In this embodiment, as shown in fig. 3b and 3c, the anchor 21 is formed by sequentially passing the wire material with elasticity and shape memory through the corresponding hole slots to be bent, shaped and woven, and a part of the connecting portion 212 penetrates through and is fixed to the two hole slots 23 and takes a shape of a loop, and the loop takes one turn.

In this embodiment, one end of the anchoring unit is engaged with the hole 23 and at least a part of the anchoring unit is located in the hole 23.

In this embodiment, the anchoring unit is located in the filling portion 3, the surface of the main body of the supporting frame is covered with a thin film body for blocking thrombus, a limiting film hole is formed in the thin film body, and part of the connecting portion 212 can freely enter and exit the limiting film hole.

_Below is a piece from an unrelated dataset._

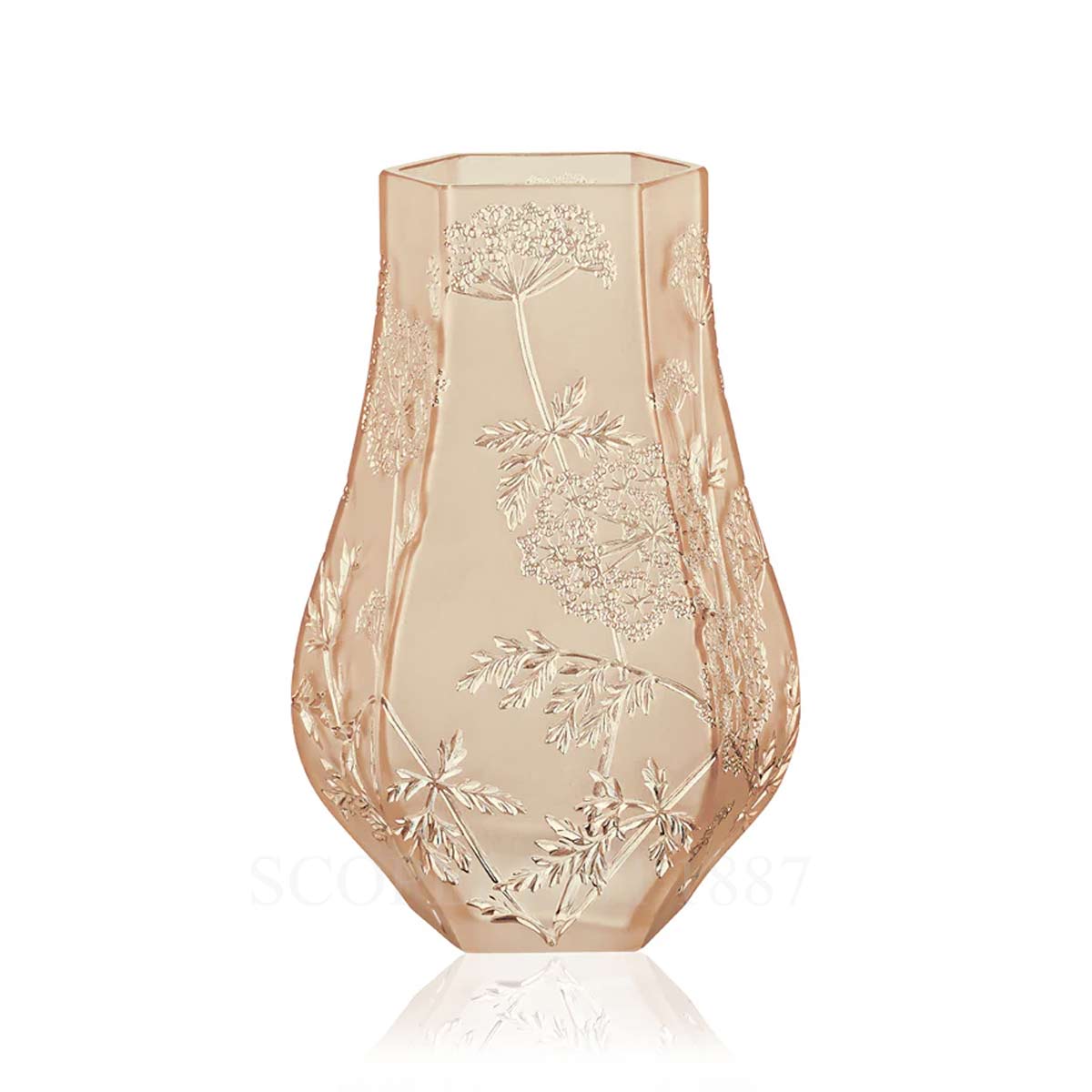 A poetic expression of movement, the Lalique Ombelles Vase Gold features a delicate pattern of slender umbel flowers gently swaying in the breeze. The design plays with volume and light, where satin-finished crystal contrasts with polished details, offering a harmonious interplay of texture and radiance. Enriched with a precious gold luster, this vase elevates the natural motif into a statement of luxurious artistry. Its sleek silhouette and intricate modeling make it a sculptural centerpiece—equally suited to refined contemporary spaces and classic interiors. Standing at 29 cm (11.42 in) tall, with a width of 19.2 cm (7.56 in) and length of 14 cm (5.51 in), and weighing 3.1 kg (6.83 lbs), it is a remarkable creation of French savoir-faire.

In this embodiment, the anchor units and the hole grooves 23 correspond one-to-one in number and position.

In this embodiment, the diameter of each hole groove 23 is larger than the maximum outer diameter of each anchor 21, and the multiple relation between the distance between adjacent hole grooves 23 and the maximum outer diameter of the anchor 21 is [2,20 ].

In this embodiment, the connecting portion 212 can form a rotation angle around the stopper portion 22 and toward the tissue contact portion 211.

In this embodiment, the support frame body includes a blocking member for limiting a rotation angle; the blocking member is a hole groove 23, and the connecting portion can freely enter and exit the hole groove.

In this embodiment, when the retractable anchoring structure is in the natural state, the distal end of the tissue contacting portion 211 is located at the protruding region and at the proximal region of the blocking member, and the distal end of the tissue contacting portion 211 is parallel to the axis of the main body of the scaffold or naturally faces the retracted region; when the retractable anchoring structure is loaded into the delivery system, the distal end of the tissue contacting portion 211 is positioned within the space defined by the main body of the scaffold.

In this embodiment, when the anchor 21 is in a natural state, the connecting portion is located on the proximal end side of the stopper portion, the distal end side of the stopper portion, and the inner side 92; tissue contacting portion 211 is located on outer side 91; and when the anchoring spike 21 has said angle of rotation, the connection portion 212 at the distal side, partly the connection portion 212 at the inner side 92, may extend to the outer side 91.

The above description is only a preferred embodiment of the present invention, and for those skilled in the art, the present invention should not be limited by the description of the present invention, which should be interpreted as a limitation.